Once you find the line containing "အရှေ့မြောက်တိုင်းစစ်ဌာနချုပ် တိုင်းမှူး၊ ဗိုလ်ချုပ်နိုင်နိုင်ဦး၊" in the data below, copy it and each following line exactly, up to and including the line containing "ဆေးများထိုးနှံပေးလျက်ရှိရာ ယနေ့တွင် ရှမ်းပြည်နယ်(မြောက်ပိုင်း)", and nothing else.

*Supplied records*
"""
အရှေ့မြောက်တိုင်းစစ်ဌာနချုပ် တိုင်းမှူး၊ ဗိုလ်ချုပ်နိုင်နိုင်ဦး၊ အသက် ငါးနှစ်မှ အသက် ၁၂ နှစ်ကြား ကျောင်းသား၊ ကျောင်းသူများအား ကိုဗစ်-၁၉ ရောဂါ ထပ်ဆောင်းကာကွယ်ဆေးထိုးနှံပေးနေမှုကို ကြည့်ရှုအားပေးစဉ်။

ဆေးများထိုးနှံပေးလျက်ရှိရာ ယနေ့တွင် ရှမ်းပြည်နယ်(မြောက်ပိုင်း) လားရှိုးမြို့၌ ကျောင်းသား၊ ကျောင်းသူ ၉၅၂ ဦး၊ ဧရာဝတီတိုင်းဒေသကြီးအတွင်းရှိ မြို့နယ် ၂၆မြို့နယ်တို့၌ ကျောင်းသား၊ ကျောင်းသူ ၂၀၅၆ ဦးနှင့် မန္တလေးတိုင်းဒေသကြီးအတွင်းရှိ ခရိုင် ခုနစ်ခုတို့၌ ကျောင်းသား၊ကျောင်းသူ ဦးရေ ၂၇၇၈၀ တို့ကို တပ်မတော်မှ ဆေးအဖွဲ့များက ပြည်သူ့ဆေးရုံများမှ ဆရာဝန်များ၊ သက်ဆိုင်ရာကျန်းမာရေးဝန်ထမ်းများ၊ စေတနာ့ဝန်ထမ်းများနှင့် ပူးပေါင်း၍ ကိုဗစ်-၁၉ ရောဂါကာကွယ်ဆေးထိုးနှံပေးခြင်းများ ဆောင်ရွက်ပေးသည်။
"""
"""
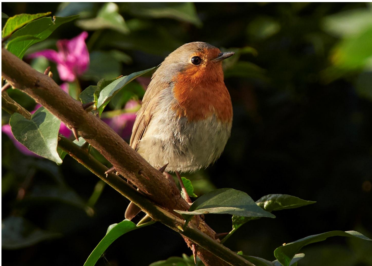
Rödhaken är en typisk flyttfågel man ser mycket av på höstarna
"""
*Output of the task*
အရှေ့မြောက်တိုင်းစစ်ဌာနချုပ် တိုင်းမှူး၊ ဗိုလ်ချုပ်နိုင်နိုင်ဦး၊ အသက် ငါးနှစ်မှ အသက် ၁၂ နှစ်ကြား ကျောင်းသား၊ ကျောင်းသူများအား ကိုဗစ်-၁၉ ရောဂါ ထပ်ဆောင်းကာကွယ်ဆေးထိုးနှံပေးနေမှုကို ကြည့်ရှုအားပေးစဉ်။

ဆေးများထိုးနှံပေးလျက်ရှိရာ ယနေ့တွင် ရှမ်းပြည်နယ်(မြောက်ပိုင်း) လားရှိုးမြို့၌ ကျောင်းသား၊ ကျောင်းသူ ၉၅၂ ဦး၊ ဧရာဝတီတိုင်းဒေသကြီးအတွင်းရှိ မြို့နယ် ၂၆မြို့နယ်တို့၌ ကျောင်းသား၊ ကျောင်းသူ ၂၀၅၆ ဦးနှင့် မန္တလေးတိုင်းဒေသကြီးအတွင်းရှိ ခရိုင် ခုနစ်ခုတို့၌ ကျောင်းသား၊ကျောင်းသူ ဦးရေ ၂၇၇၈၀ တို့ကို တပ်မတော်မှ ဆေးအဖွဲ့များက ပြည်သူ့ဆေးရုံများမှ ဆရာဝန်များ၊ သက်ဆိုင်ရာကျန်းမာရေးဝန်ထမ်းများ၊ စေတနာ့ဝန်ထမ်းများနှင့် ပူးပေါင်း၍ ကိုဗစ်-၁၉ ရောဂါကာကွယ်ဆေးထိုးနှံပေးခြင်းများ ဆောင်ရွက်ပေးသည်။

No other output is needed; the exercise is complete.